Три мужа Алешиной мамы курили на веранде один и тот же табак. Не было ли там трех мужчин в одном, троих в одном дураке? Вполне может статься, трое для одного дурака — не так уж и много.
Мы с братом говорили, что идем к китайцу, молчаливому и по большей части невидимому китайцу. Мы ходили гулять по Льежу, потом возвращались по длинному откосу улицы Сен-Жиля, местного святого, одному из головокружительных, горизонт был таким далеким и таким широким, долина такой глубокой и сладостной, что приходилось держаться за длинную стену фасадов и подпорок, за дверные ручки, за решетки и скобы для вытирания ног, чтобы не упасть и не скатиться до самого низа, до Авруа, где располагался старинный мост, ибо в самом низу тек красиво кипящий поток, рукава которого, погребя их под бульварами, обкорнали подлые личности.
* * *
На подступах к автострадам людей кладут спать за высокими, с электричеством, оградами, пусть они и не воры и не убийцы, пусть их не вправе осудить никакое обычное судебное ведомство. Тогда как обычные судейские чиновники спят себе на дачах или в лучших городских кварталах, им приходится и спать, и жить за высокими колючими оградами. Может быть, это дело рук какой-то высшей, какой-то архисудебной инстанции? Сверхведомство, сжатое в стальной кулак, и ведомство обычное, декорум из кожи мертворожденного телка.

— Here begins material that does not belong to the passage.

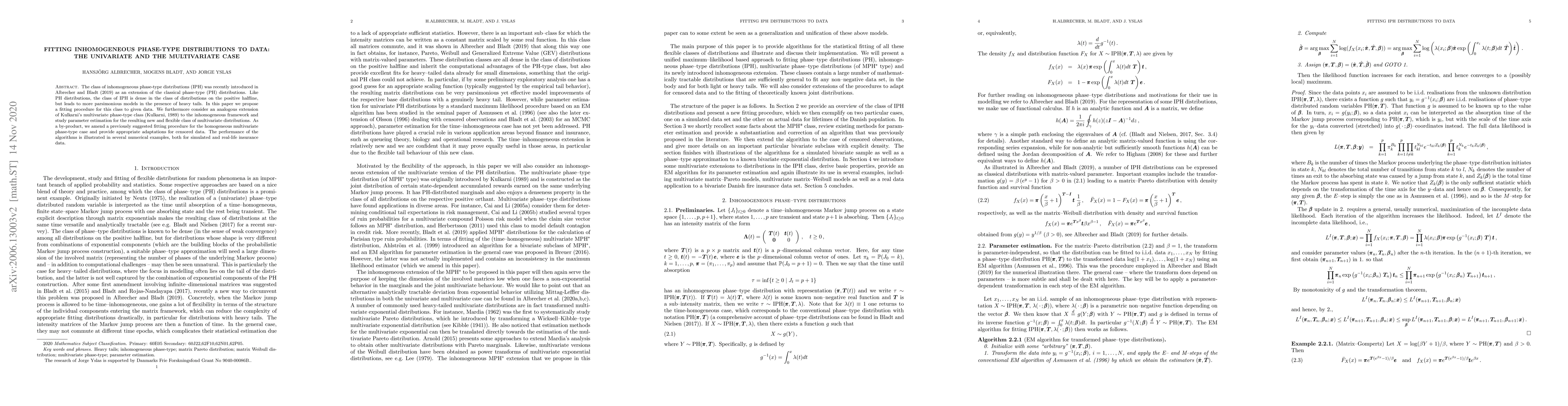 The class of inhomogeneous phase-type distributions (IPH) was recently introduced in Albrecher and Bladt (2019) as an extension of the classical phase-type (PH) distributions. Like PH distributions, the class of IPH is dense in the class of distributions on the positive halfline, but leads to more parsimonious models in the presence of heavy tails. In this paper we propose a fitting procedure for this class to given data. We furthermore consider an analogous extension of Kulkarni's multivariate phase-type class (Kulkarni, 1989) to the inhomogeneous framework and study parameter estimation for the resulting new and flexible class of multivariate distributions. As a by-product, we amend a previously suggested fitting procedure for the homogeneous multivariate phase-type case and provide appropriate adaptations for censored data. The performance of the algorithms is illustrated in several numerical examples, both for simulated and real-life insurance data.

В Льеже тех, кто явился просить защиты и прибежища из стран, опустошенных злодейством и цинизмом оружейных магнатов и их тамошних подручных, запирают в казарме при жандармерии, бдительно окруженной со всех сторон высокой оградой.
Там реет бельгийский флаг.
Кичатся страусиными перьями шапочки магистратов.
* * *
Как-то летним днем дурак ловит себе в озере рыбу и вдруг оказывается заворожен. Заворожен водой, простором сверкающей глади, его захватывают приносимые волнами числа. Две камеры плавательного пузыря, четырнадцать плавательных пузырей, что извлечены нетронутыми из внутренностей выловленной рыбы, пять ворон в небе, гуськом двадцать семь байдарок, три миллиона волночек, один голубой зимородок. К чему бы все это?
Пусть в воздухе плавают, вырвавшись из темноты, неправильные зеленые пузыри сланцевых утесов, предлагает он. Прямо перед ним — зеркальная плоскость воды, натянутая как волос леска, чуткий поплавок и все закулисные обитатели водного царства. И мечтания смешиваются с заботами. Весь в мечтах, он перечисляет.
Двадцать пять тысяч монет. Три облака. Тридцать семь пузырей. Один лещ. Три жизни (одна жизнь, не слишком ли этого мало?). Три сороки и одна сойка. Одна рыженькая белочка. Одна гадюка. Девять могучих ветвей на дубе у него над головой. Одиннадцать утят. Двадцать пять тысяч монет уплывают от меня по приговору трех докторов, каждый в своей филологии. Проплывают три облака. Раскачиваются девять веток. Лещ вновь уходит на глубину. Что за оживление в числах? Что за превращения с волнами? К чему бы все это?